-- YOUR TASK --
An exact, complete printout of the listing is wanted, minus its images.

-- DATA SECTION --
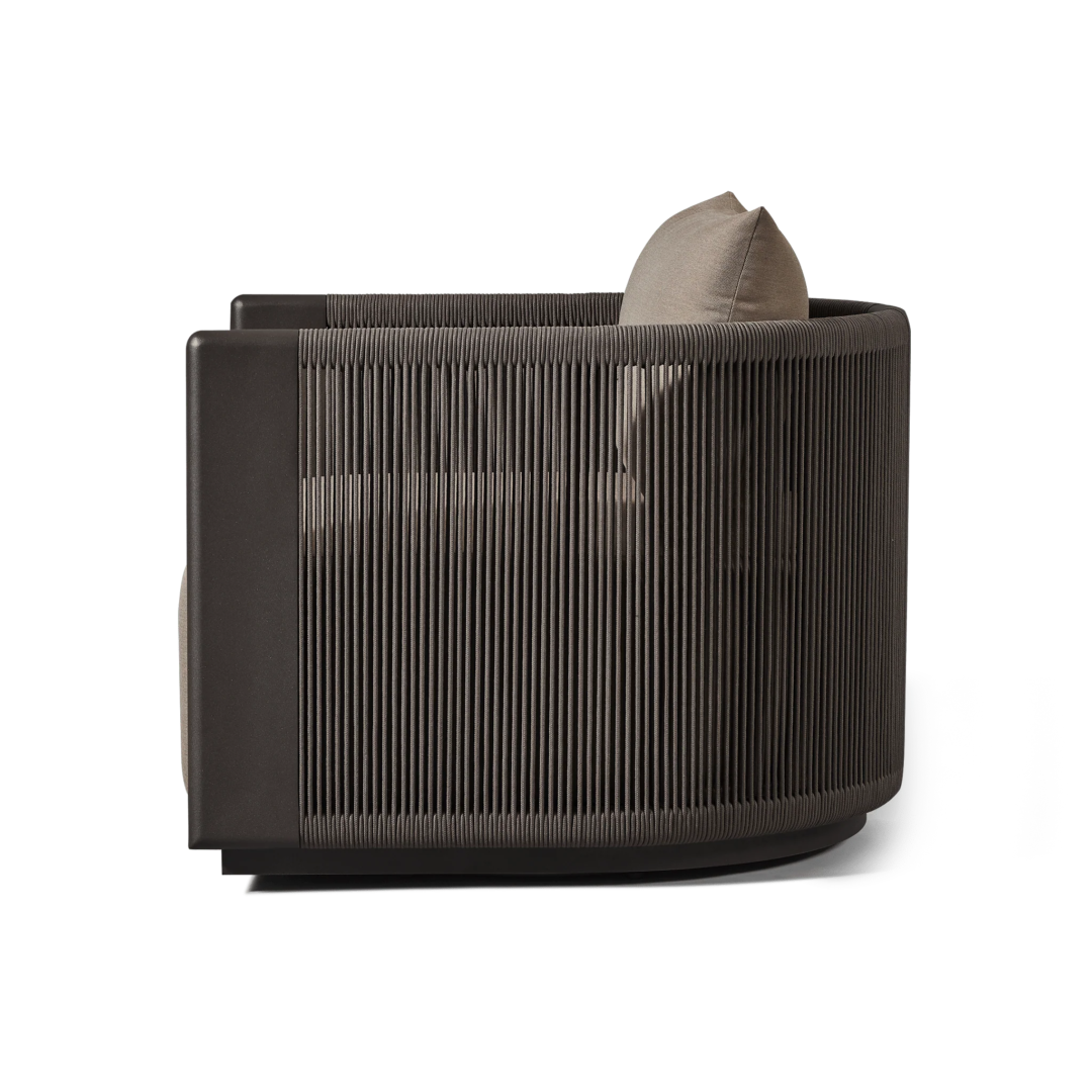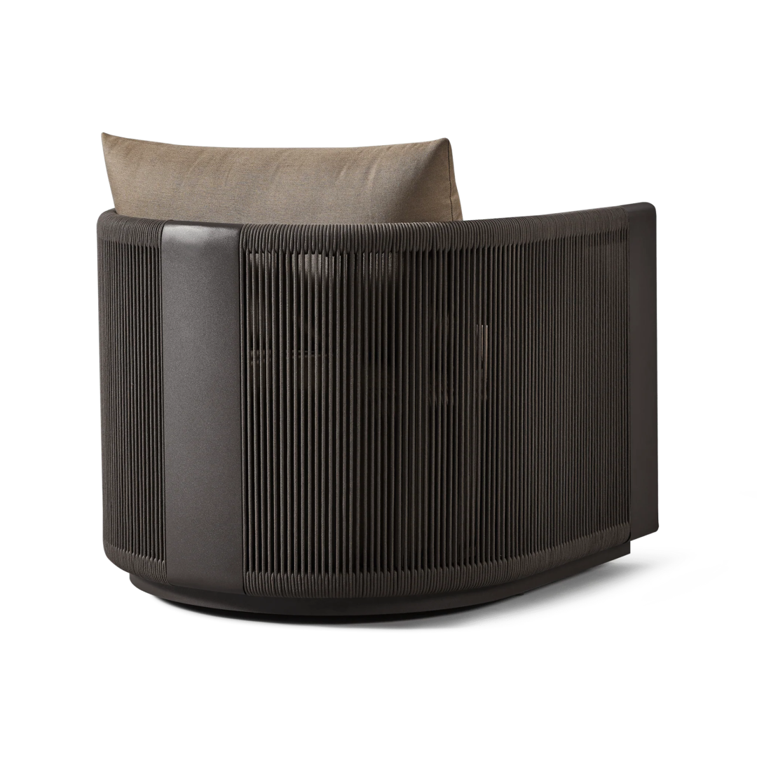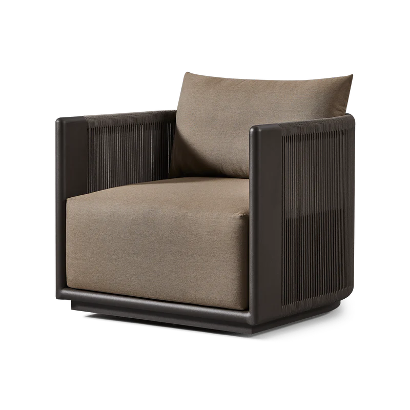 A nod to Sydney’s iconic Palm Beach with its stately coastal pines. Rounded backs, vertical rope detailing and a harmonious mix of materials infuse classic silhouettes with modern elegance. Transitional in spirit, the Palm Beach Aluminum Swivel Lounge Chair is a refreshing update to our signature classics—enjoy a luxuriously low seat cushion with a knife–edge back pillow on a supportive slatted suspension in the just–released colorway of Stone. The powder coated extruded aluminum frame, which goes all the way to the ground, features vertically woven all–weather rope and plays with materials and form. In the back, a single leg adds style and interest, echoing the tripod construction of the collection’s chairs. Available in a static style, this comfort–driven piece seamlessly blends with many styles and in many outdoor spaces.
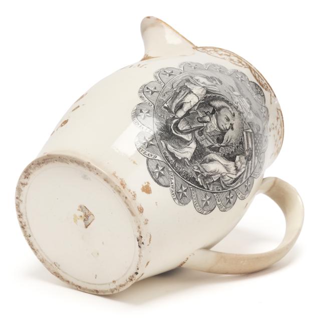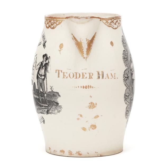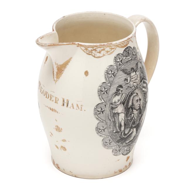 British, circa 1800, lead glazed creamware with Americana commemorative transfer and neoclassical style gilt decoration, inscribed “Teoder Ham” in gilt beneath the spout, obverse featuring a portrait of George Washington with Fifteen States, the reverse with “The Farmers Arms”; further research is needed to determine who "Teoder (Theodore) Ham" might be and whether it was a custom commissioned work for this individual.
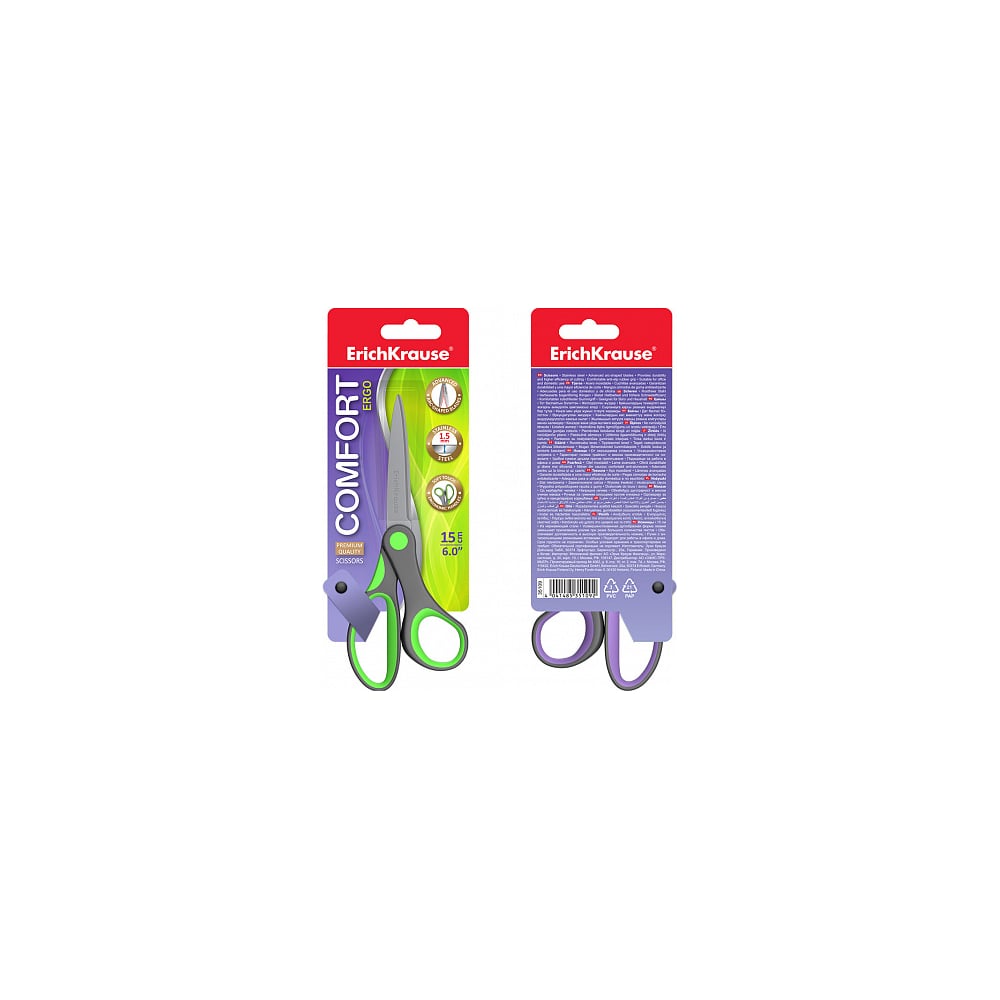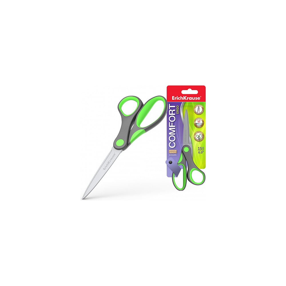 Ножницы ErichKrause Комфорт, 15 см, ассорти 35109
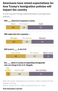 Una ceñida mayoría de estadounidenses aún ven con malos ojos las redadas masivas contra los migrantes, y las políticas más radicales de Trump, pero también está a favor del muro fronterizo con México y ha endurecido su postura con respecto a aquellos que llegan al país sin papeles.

-- RESPONSE --
 A nod to Sydney’s iconic Palm Beach with its stately coastal pines. Rounded backs, vertical rope detailing and a harmonious mix of materials infuse classic silhouettes with modern elegance. Transitional in spirit, the Palm Beach Aluminum Swivel Lounge Chair is a refreshing update to our signature classics—enjoy a luxuriously low seat cushion with a knife–edge back pillow on a supportive slatted suspension in the just–released colorway of Stone. The powder coated extruded aluminum frame, which goes all the way to the ground, features vertically woven all–weather rope and plays with materials and form. In the back, a single leg adds style and interest, echoing the tripod construction of the collection’s chairs. Available in a static style, this comfort–driven piece seamlessly blends with many styles and in many outdoor spaces.
 British, circa 1800, lead glazed creamware with Americana commemorative transfer and neoclassical style gilt decoration, inscribed “Teoder Ham” in gilt beneath the spout, obverse featuring a portrait of George Washington with Fifteen States, the reverse with “The Farmers Arms”; further research is needed to determine who "Teoder (Theodore) Ham" might be and whether it was a custom commissioned work for this individual.
 Ножницы ErichKrause Комфорт, 15 см, ассорти 35109
 Una ceñida mayoría de estadounidenses aún ven con malos ojos las redadas masivas contra los migrantes, y las políticas más radicales de Trump, pero también está a favor del muro fronterizo con México y ha endurecido su postura con respecto a aquellos que llegan al país sin papeles.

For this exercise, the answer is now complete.